Я не понимаю этого воспоминания. Я не знаю, где начинается воспоминание, а где кончается этот недавний сон. Должно быть, люди в коричневых мундирах порождены сном — это явный образ дефекации. Мама никогда не уходила от меня, не сообщив, когда вернется. Она была не из тех мамаш, которые по беспечности могут заставить своего ребенка страдать.
Тогда я был очень болен. Я вообще рос болезненным ребенком, и о первых годах моей жизни у меня остались довольно мрачные воспоминания. Почти все время я проводил в постели.
У меня было что-то не в порядке со ртом, и я не мог нормально говорить.
Помню, в пять или шесть лет, мне приснилось, что все книги из материнской библиотеки летят в костер вместе с кучами других книг и сгорают дотла. Наверно, я ревновал ее, страдал из-за того, что у нее есть своя жизнь, и хотел, чтобы она принадлежала всецело мне одному.
А вот и еще одно очень раннее воспоминание… Яркое, мимолетное. Осенний сад, вокруг него кусты. Наша служанка Паула подстригает их. Я лежу в кресле-качалке. Сад похож на то, что мне рассказывали о Примроуз-Хилл.

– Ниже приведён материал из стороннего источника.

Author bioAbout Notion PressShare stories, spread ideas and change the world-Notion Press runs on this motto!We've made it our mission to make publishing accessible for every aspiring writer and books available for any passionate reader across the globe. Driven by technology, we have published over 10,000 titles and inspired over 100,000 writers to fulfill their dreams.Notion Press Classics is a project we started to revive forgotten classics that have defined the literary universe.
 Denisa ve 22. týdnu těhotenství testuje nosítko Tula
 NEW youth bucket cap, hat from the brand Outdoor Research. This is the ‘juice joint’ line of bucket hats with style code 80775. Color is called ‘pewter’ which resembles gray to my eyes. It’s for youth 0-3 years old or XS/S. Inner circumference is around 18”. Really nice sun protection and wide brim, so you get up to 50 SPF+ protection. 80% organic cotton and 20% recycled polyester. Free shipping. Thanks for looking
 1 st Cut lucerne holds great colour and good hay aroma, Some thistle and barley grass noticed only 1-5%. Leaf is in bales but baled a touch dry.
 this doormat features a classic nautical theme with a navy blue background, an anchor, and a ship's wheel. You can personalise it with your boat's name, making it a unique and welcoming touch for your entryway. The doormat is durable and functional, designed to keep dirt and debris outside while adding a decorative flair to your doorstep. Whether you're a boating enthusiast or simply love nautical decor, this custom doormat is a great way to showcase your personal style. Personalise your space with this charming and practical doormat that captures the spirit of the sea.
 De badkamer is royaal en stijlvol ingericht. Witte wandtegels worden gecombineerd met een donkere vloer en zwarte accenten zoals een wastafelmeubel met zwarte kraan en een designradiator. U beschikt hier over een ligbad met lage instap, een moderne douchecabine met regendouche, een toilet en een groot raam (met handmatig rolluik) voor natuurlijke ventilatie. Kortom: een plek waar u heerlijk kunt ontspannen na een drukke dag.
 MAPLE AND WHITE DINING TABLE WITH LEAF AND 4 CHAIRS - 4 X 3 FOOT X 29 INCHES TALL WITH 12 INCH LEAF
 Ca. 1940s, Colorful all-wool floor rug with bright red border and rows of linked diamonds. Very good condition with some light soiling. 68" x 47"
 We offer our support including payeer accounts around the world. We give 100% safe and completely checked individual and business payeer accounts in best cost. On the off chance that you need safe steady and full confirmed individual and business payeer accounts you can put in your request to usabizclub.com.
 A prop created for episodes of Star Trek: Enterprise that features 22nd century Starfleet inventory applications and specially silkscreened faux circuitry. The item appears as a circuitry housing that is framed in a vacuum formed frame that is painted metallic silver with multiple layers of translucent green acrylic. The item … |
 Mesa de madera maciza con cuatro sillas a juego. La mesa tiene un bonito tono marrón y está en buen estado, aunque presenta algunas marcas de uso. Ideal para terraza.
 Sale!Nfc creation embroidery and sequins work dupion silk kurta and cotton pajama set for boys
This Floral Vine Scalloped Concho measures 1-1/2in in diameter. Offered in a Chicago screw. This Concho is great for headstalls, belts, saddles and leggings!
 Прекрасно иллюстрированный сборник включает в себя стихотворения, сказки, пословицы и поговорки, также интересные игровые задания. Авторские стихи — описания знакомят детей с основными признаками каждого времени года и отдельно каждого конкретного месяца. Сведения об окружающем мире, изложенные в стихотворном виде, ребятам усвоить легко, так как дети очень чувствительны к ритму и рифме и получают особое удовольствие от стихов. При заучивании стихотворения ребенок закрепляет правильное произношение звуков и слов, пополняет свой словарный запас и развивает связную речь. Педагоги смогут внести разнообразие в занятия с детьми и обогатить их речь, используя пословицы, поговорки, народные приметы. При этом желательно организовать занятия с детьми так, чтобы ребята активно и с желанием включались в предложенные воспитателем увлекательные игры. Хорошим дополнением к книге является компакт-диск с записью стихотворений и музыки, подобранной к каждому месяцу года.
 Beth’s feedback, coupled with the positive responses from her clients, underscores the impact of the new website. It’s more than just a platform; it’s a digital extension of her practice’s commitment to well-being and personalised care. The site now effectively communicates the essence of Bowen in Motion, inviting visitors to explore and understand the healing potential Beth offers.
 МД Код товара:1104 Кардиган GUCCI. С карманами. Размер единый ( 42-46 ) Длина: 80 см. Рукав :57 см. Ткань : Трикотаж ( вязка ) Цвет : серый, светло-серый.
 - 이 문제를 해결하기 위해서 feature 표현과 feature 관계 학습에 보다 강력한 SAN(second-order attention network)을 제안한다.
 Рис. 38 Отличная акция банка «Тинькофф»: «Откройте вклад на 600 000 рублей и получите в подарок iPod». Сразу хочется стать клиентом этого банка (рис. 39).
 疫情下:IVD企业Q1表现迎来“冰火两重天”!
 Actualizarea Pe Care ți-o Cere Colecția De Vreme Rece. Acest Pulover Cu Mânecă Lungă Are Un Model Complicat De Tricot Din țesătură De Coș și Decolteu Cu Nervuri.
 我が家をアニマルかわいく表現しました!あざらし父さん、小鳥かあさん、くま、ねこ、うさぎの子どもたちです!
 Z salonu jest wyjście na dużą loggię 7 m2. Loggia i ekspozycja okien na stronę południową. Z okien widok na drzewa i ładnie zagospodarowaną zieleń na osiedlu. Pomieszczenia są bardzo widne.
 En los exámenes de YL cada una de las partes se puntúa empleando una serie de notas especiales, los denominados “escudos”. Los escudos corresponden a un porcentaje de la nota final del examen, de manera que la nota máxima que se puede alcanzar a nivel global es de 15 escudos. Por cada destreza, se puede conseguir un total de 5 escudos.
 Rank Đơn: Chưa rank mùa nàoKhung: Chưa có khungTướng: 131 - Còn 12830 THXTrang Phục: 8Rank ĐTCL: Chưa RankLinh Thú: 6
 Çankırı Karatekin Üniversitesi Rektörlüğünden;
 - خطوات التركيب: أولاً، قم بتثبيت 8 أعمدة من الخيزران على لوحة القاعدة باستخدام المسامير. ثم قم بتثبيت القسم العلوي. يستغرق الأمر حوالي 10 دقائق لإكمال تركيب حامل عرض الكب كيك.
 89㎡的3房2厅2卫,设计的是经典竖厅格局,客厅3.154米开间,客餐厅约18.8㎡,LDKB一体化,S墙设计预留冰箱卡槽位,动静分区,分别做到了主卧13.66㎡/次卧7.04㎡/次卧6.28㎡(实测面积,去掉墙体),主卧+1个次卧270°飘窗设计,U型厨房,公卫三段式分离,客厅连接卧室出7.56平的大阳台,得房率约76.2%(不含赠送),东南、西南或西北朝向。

Никаких ассоциаций. Ни намека на то, почему мы оказались здесь. Вдруг слышится вой баньши{6}. Анна оставляет свое вышивание и уходит. Потом возвращается с шаманской маской в руках. Просит, чтобы я пересмотрел мое решение никогда не надевать таких масок; я мотаю головой. Она склоняется ко мне — ее яркие бусы покачиваются — и нежно целует.
Сны, сны… Впрочем, часто такие живые, реальные. Анна — шаманка! Я вручаю маску ей, я предоставляю ей воевать с баньши и разной прочей нечистью.
глава 2
Подобно Лиру, я отказываюсь от своего королевства. В пользу трех своих дочерей. Их зовут Матильда, Софи, Анна. Женщина всегда трехлика. Три Парки, три Фурии. Мать, жена, дочь. Повивальная бабка, любовница, плакальщица.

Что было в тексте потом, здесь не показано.